| Provided data |
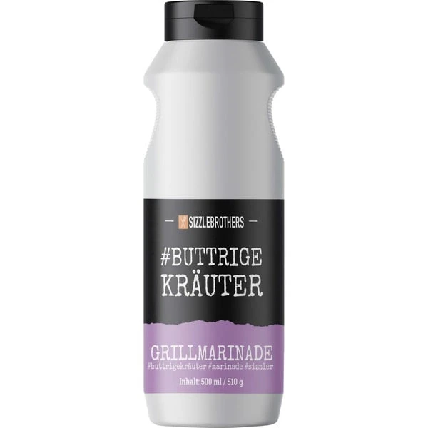 #ButtrigeKräuter ist das lange vermisste Kind in der Grillmarinaden-Familie von SizzleBrothers. Wie konnte eigentlich eine Kräuter-Marinade fehlen? Eine Marinade, die als absoluter Klassiker gilt und zu allen Arten an Fleisch, Fisch und Gemüse passt. Nun ist sie ja da und wartet nur darauf auch an deinem Grill zum Einsatz zu kommen. Eine leckere ausgewoge, buttrige Marinade, die an den leckeren Geschmack einer Kräuterbutter erinnert und so zu wirklich allen Arten an Fleisch und Gemüse passt.Art.-Nr.: 1880806
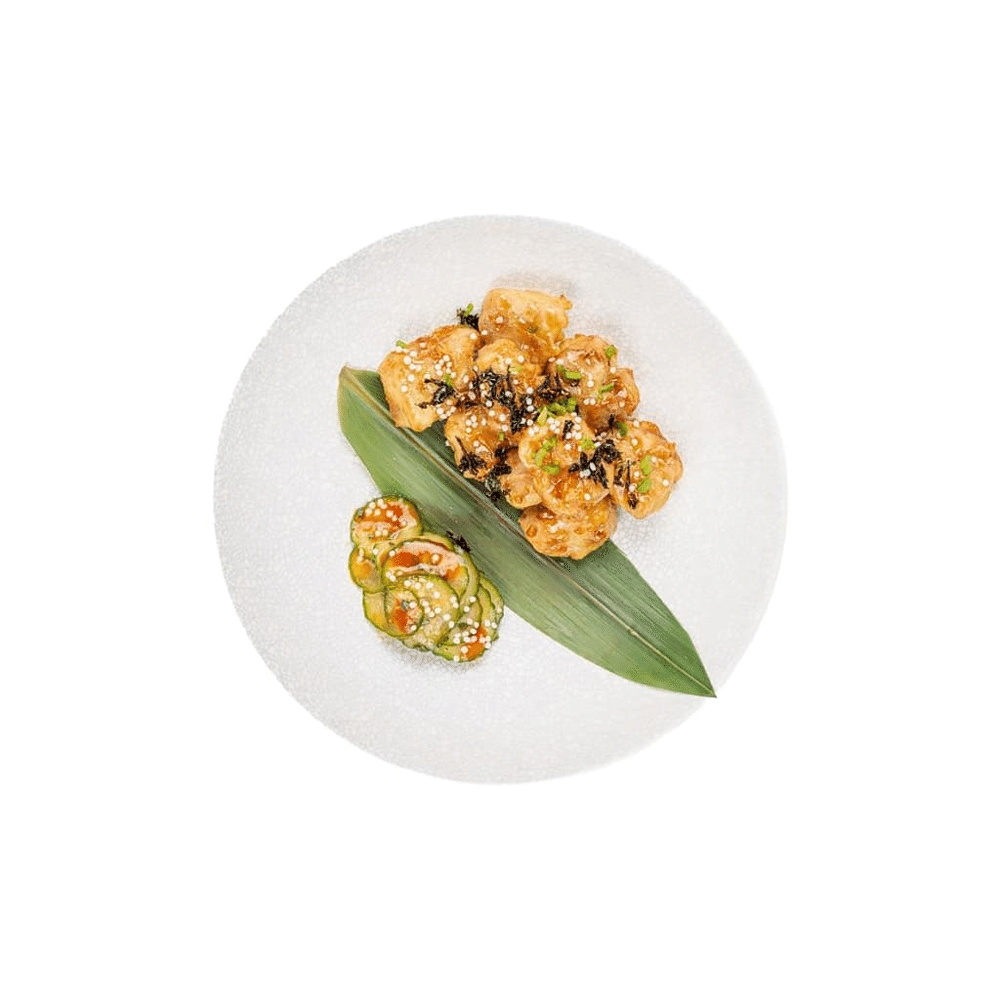 Куриное бедро су вид, картофельный крахмал, соус унаги, лист бамбука, зеленый лук. хлопья нори, кунжут, огурцы ким чи
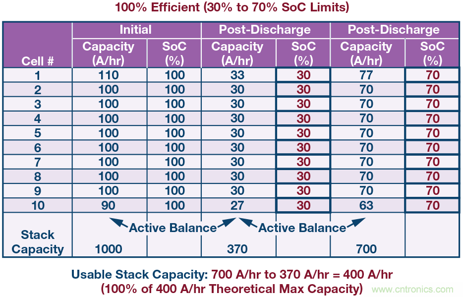 電池單元間的容量或SoC不匹配可能會嚴重降低電池包可用容量,除非均衡電池單元。為使電池包容量最大化,要求在電池包充電和放電期間,電池單元是均衡的。在圖2所示的例子中,一個10單元串聯(lián)電池包由(標(biāo)稱)100 安時電池單元組成,最小容量單元與最大容量單元的容量誤差為±10%,對該電池包充電和放電,直至達到預(yù)定SoC限值。如果SoC值限制在30%和70%之間,并且不進行均衡,則經(jīng)過一次完全充電/放電循環(huán)之后,電池包可用容量相對于理論可用容量減少25%。被動均衡理論上可以在電池包充電階段均衡各電池單元的SoC,但在放電期間,無法阻止第10個單元先于其他單元達到30%的SoC水平。即使在電池包充電期間進行被動均衡,在電池包放電期間也會損失可觀的容量(不可用)。只有主動均衡解決方案才能恢復(fù)容量,在電池包放電期間將電荷從高SoC單元重新分配給低SoC單元。

| Assignment |
Reproduce, word for word, the lines from the one containing "Куриное бедро су" to the end of the material, both ends included. No picture is copied.

| Result |
 Куриное бедро су вид, картофельный крахмал, соус унаги, лист бамбука, зеленый лук. хлопья нори, кунжут, огурцы ким чи
 電池單元間的容量或SoC不匹配可能會嚴重降低電池包可用容量,除非均衡電池單元。為使電池包容量最大化,要求在電池包充電和放電期間,電池單元是均衡的。在圖2所示的例子中,一個10單元串聯(lián)電池包由(標(biāo)稱)100 安時電池單元組成,最小容量單元與最大容量單元的容量誤差為±10%,對該電池包充電和放電,直至達到預(yù)定SoC限值。如果SoC值限制在30%和70%之間,并且不進行均衡,則經(jīng)過一次完全充電/放電循環(huán)之后,電池包可用容量相對于理論可用容量減少25%。被動均衡理論上可以在電池包充電階段均衡各電池單元的SoC,但在放電期間,無法阻止第10個單元先于其他單元達到30%的SoC水平。即使在電池包充電期間進行被動均衡,在電池包放電期間也會損失可觀的容量(不可用)。只有主動均衡解決方案才能恢復(fù)容量,在電池包放電期間將電荷從高SoC單元重新分配給低SoC單元。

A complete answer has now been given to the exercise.